То же происходит и с животными. Животные, за исключением одомашненных, оказываются в огромном большинстве случаев неспособными размножаться в неволе. Дарвин вполне справедливо приписывает это обстоятельство чересчур сильному изменению внешних условий. Но отрыв диких животных от естественных условий сопровождается лишением их нормальной биологической работы, что приводит и к стойкому нарушению работы воспроизводительных органов. Для домашних же животных среда, организованная человеком, является естественной средой вследствие их полупаразитического существования.

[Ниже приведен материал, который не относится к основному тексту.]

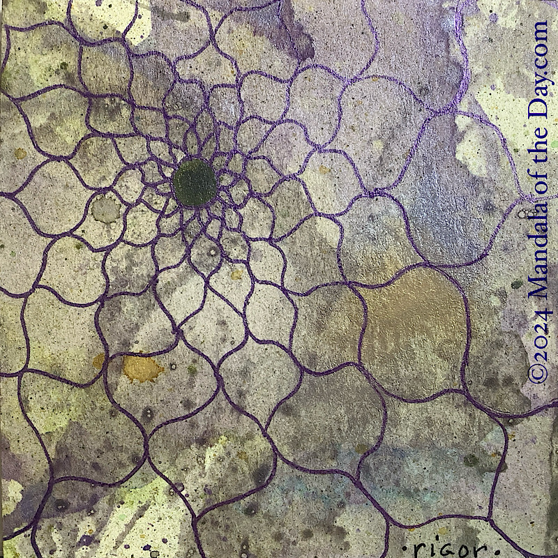 Where I mostly apply rigor these days is with creating the 4’x4’ mandalas for the Archangel series, which will end up being 7 Tibetan-styled mandalas representing Archangels who only want to be called by their order number. While my other styles of mandala designs allow for some looseness, the Tibetan style requires precision otherwise it throws off the whole design. And at such a large scale, it usually takes about 4-6 hours over a couple of days just to outline the basic shape of it…the details come later, row by row, section by section.
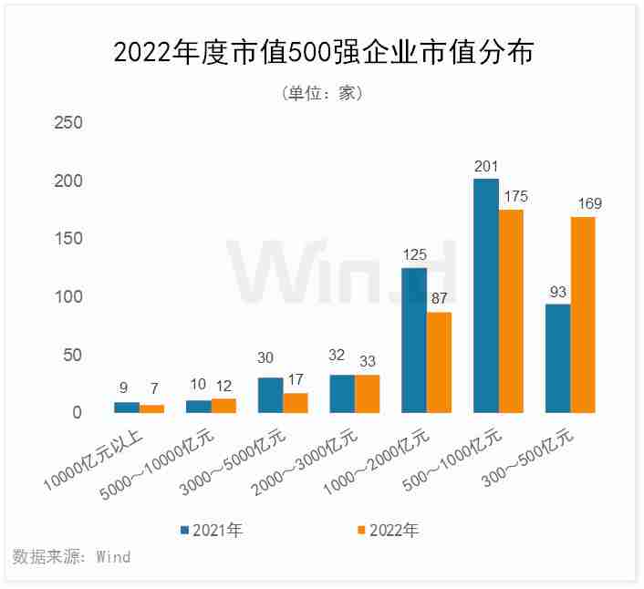 2022年度,万亿市值以上企业有7家,相比2021年减少2家;5000亿~10000亿元的企业有12家,相比2021年增加2家;3000亿-5000亿元的企业有17家,相比2021年减少13家;2000亿-3000亿元的企业有33家,相比2021年增加1家;1000亿-2000亿元的企业有87家,相比2021年减少38家。
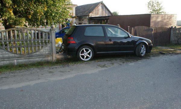 Kierujący samochodem osobowym marki volkswagen golf uderzył w ogrodzenie w miejscowości Dąbki w gminie Czersk. Do zdarzenia doszło dziś (11.09) ok. godz. 7.00. Mieszkaniec gminy Czersk, jak się później okazało, nie posiadał uprawnień do kierowania pojazda
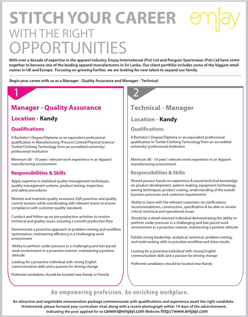 Bachelor’s in Textile clothing , Manufacturing Process control , Physical Science, Textile or related
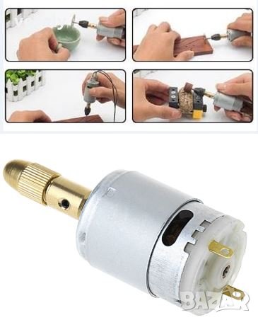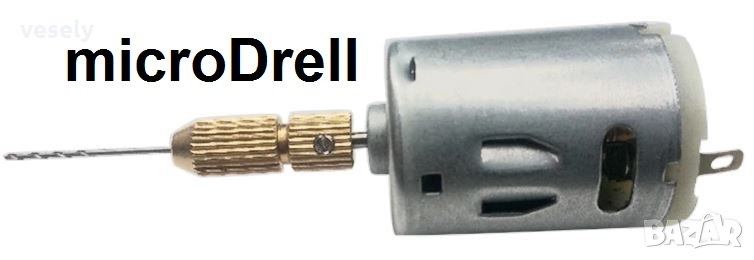 Микродрелка идеална за работа по печатни платки, моделизъм, гравьорство, Моторче =12Vc/ 500 mA, обороти 12000 T/min, свредла 1 – 3 mm, размери 41mm*27mm. цанги 1-3.2 мм
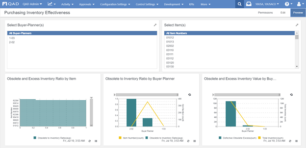 O ERP adaptável da QAD inclui o centro de ação de eficácia do estoque de compras para ajudar as empresas monitorar a integridade de seu estoque.
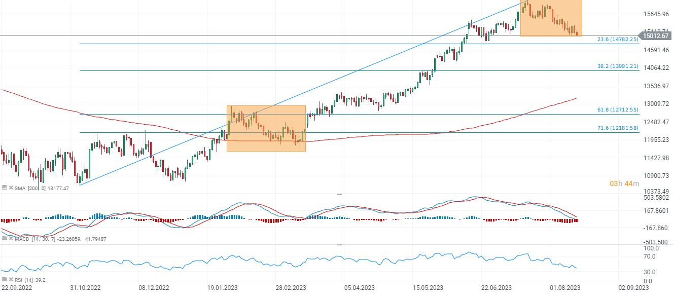 Al observar el gráfico del índice Nasdaq en el intervalo D1, podemos ver que una batalla importante por el impulso alcista para el resto del año podría desarrollarse en los niveles actuales. El rango potencial de la corrección es de alrededor de 14,700 puntos, donde vemos el retroceso de Fibonacci del 23.6%, pero para los alcistas podría ser importante mantener el nivel psicológico de 15,000 puntos. Fuente: xStation5.
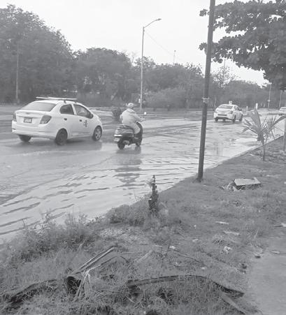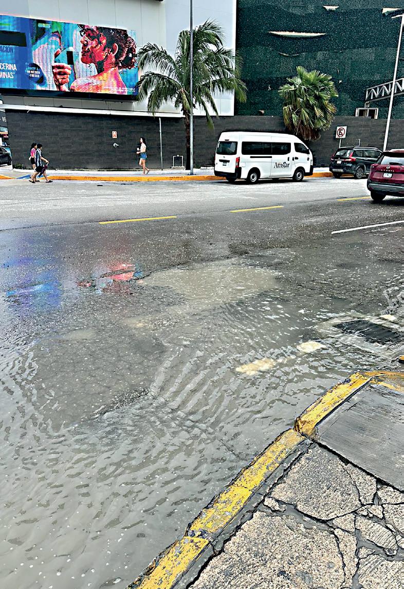 ATRÁS DE CHEDRAUI SELECTO, EL AGUA CUBRE UN GRAN BACHE, lo que representa un peligro para la circulación.
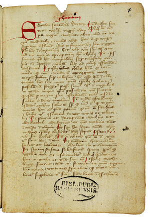 - Basel, Universitätsbibliothek, F IV 43, f. 1r – Johannes von Rheinfelden, Tractatus de moribus et disciplina humanae conversationis: id est ludus cartularum moralisatus
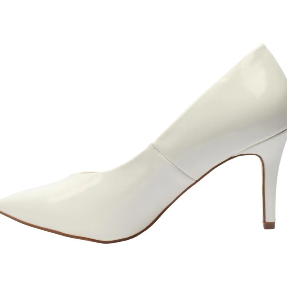 Classic court shoe from Kate Appleby. These Kate Appleby court shoes have a soft cream patent upper with a pointed toe & gold Kate Appleby branding on the side.
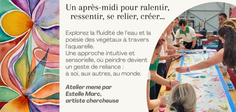 Aquarelliste et poète, Estelle explore la poésie à travers le mouvement de l’eau, des couleurs et des mots.
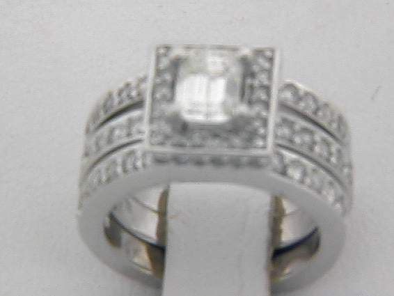 14K WHITE GOLD ENGAGEMENT SET WITH 1.40CT ROUND SHAPE DIAMOND SET IN PAVE SETTING. CENTER OF 1.01CT EMERALD CUT DIAMOND SET IN PRONGS SETTING.
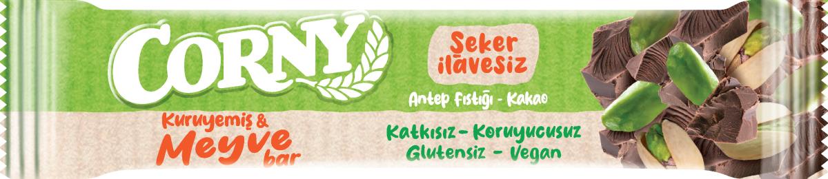 Gerçek Antep fıstığı lezzetiyle enerji dolu bir atıştırmalık! Vazgeçilmez lezzet antep fıstığı ile yapılmış en masum tatlı Corny Antep Fıstıklı meyve bar. Her ısırıkta antep fıstığı lezzeti masum tatlı kaçamaklarınızı keyiflendirecek. Tatlı krizi anlarının en masum alternatifi Corny meyve bar; • İlave şeker içermez • Doğal meyve ve kuruyemişlerle yapılmıştır • Glutensiz ve vegandır Aktif yaşam tarzınıza uyum sağlayan lezzetli ve pratik bir alternatif!
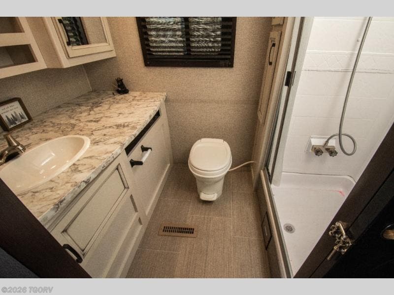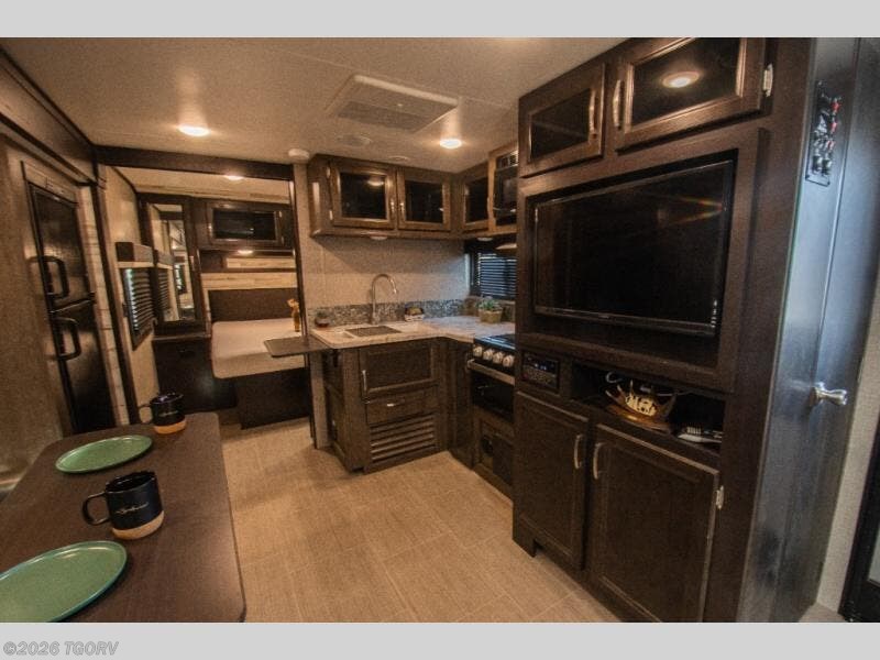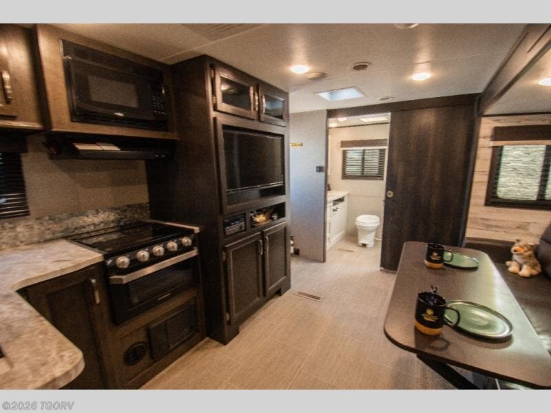 Whether you spend you day outdoors around the outside kitchen or inside around the U-shaped dinette, you'll see this travel trailer has a little something for everyone. This unit features a spacious full rear bath so you can get ready for your day just like you do at home. Fill your day with hiking, biking, or swimming, and when it's time to call it a night, the front private bedroom with a queen bed will be waiting for you. You'll find plenty of storage space, including a walk-in pantry, overhead compartments, and outside storage for all your gear both small and large!

Отсутствие мобилизации на осуществление функций органов в процессе биологической работы приводит и к отсутствию мобилизации на осуществление функций и в органах наследования. «Тот, кто сможет объяснить, − пишет Дарвин, − почему слон и множество других животных не способны плодиться даже в частичной неволе у себя на родине, тот сможет объяснить первичную причину столь распространённого бесплодия гибридов» (Там же, с. 296). Думается, что объяснить эти феномены можно только на основе глубинной взаимосвязи биологической работы органов размножения с биологической работой всех прочих телесных органов живого организма.

Одомашнивание, которое, как отмечает Дарвин, приводит к сохранению плодотворности как в неволе, так и при скрещивании различных пород одного вида, связано с приспособлением биологической работы к условиям содержания таких видов, которые потому и были одомашнены, что «были с самого начала не очень чувствительны к переменам в их жизненных условиях» (Там же, с. 302). Человек также не теряет способности к размножению в условиях содержания в неволе по той же причине. Но лишение свободы всегда наносит психике человека непоправимую травму, поскольку человек свободен по природе своей, даже находясь на положении невольника.